Items from a dataset
☆ ☆ ☆

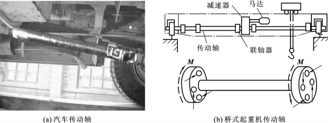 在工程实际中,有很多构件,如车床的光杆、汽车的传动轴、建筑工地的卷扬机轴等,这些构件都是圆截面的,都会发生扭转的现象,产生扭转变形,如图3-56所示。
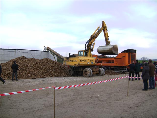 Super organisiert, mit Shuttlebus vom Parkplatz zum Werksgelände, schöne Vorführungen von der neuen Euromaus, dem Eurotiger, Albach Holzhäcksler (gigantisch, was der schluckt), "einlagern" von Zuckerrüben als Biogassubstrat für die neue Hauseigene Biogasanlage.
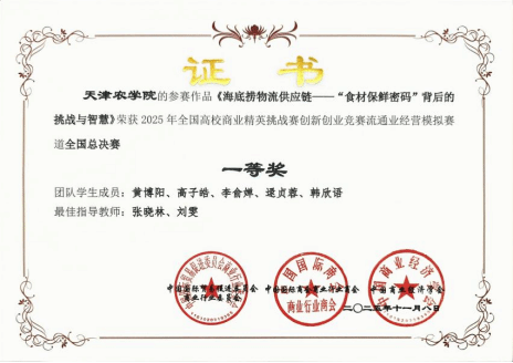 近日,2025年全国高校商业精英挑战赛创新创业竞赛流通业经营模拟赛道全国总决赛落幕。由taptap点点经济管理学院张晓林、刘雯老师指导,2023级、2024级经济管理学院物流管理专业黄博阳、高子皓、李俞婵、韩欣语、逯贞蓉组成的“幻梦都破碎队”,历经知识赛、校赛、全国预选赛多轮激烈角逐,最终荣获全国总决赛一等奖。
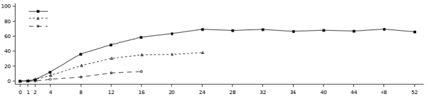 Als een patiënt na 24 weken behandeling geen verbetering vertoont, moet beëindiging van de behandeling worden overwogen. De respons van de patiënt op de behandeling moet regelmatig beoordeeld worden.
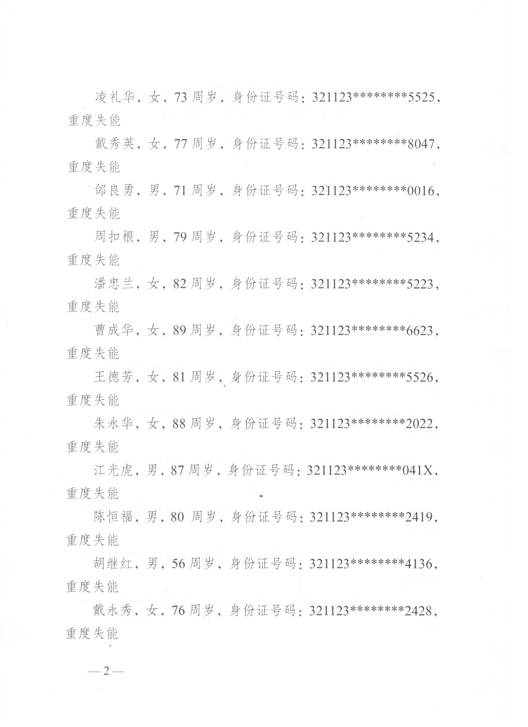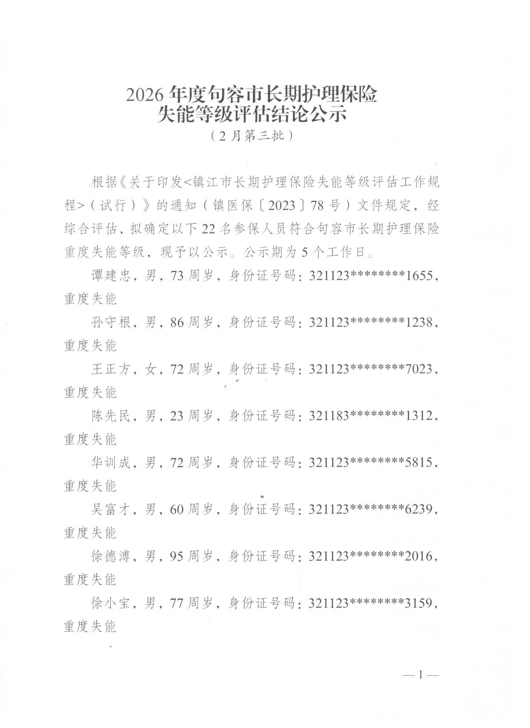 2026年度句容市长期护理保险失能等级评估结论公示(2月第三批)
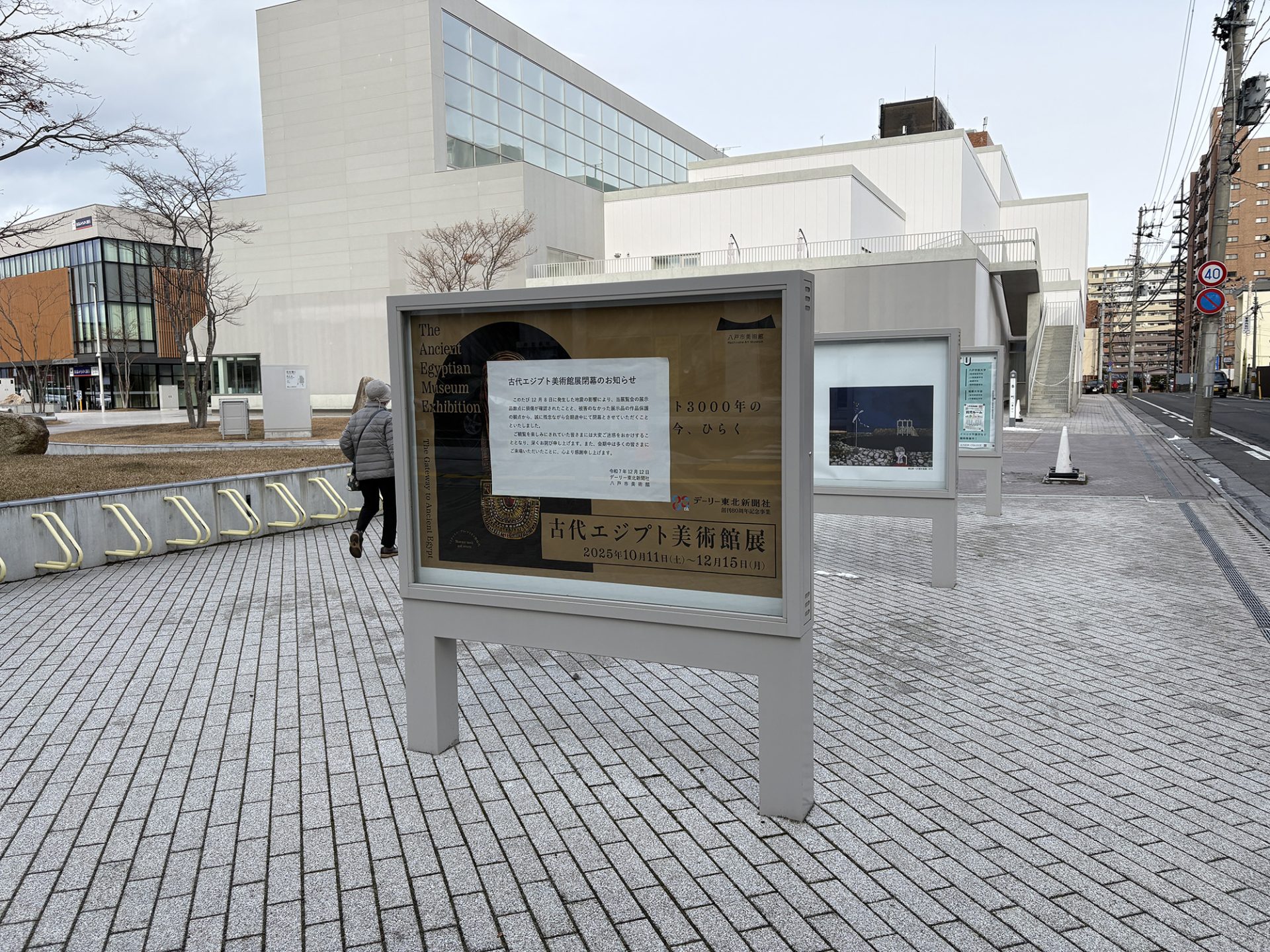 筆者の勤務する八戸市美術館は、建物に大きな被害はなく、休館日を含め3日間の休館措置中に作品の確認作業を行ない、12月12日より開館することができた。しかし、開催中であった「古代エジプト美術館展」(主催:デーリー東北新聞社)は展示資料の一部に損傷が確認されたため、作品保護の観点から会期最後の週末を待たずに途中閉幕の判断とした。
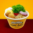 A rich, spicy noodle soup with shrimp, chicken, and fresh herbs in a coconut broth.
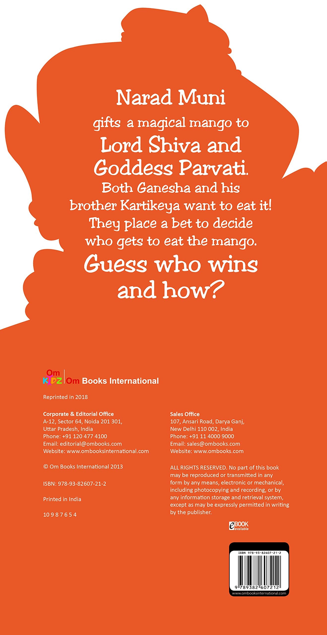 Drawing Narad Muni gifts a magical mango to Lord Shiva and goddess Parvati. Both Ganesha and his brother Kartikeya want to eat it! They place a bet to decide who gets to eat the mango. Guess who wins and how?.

☆ ☆ ☆

- What the task requires -
All lines from the one containing "Super organisiert, mit" through the end of the entries above must be given again exactly, with every picture omitted.

- Written response -
 Super organisiert, mit Shuttlebus vom Parkplatz zum Werksgelände, schöne Vorführungen von der neuen Euromaus, dem Eurotiger, Albach Holzhäcksler (gigantisch, was der schluckt), "einlagern" von Zuckerrüben als Biogassubstrat für die neue Hauseigene Biogasanlage.
 近日,2025年全国高校商业精英挑战赛创新创业竞赛流通业经营模拟赛道全国总决赛落幕。由taptap点点经济管理学院张晓林、刘雯老师指导,2023级、2024级经济管理学院物流管理专业黄博阳、高子皓、李俞婵、韩欣语、逯贞蓉组成的“幻梦都破碎队”,历经知识赛、校赛、全国预选赛多轮激烈角逐,最终荣获全国总决赛一等奖。
 Als een patiënt na 24 weken behandeling geen verbetering vertoont, moet beëindiging van de behandeling worden overwogen. De respons van de patiënt op de behandeling moet regelmatig beoordeeld worden.
 2026年度句容市长期护理保险失能等级评估结论公示(2月第三批)
 筆者の勤務する八戸市美術館は、建物に大きな被害はなく、休館日を含め3日間の休館措置中に作品の確認作業を行ない、12月12日より開館することができた。しかし、開催中であった「古代エジプト美術館展」(主催:デーリー東北新聞社)は展示資料の一部に損傷が確認されたため、作品保護の観点から会期最後の週末を待たずに途中閉幕の判断とした。
 A rich, spicy noodle soup with shrimp, chicken, and fresh herbs in a coconut broth.
 Drawing Narad Muni gifts a magical mango to Lord Shiva and goddess Parvati. Both Ganesha and his brother Kartikeya want to eat it! They place a bet to decide who gets to eat the mango. Guess who wins and how?.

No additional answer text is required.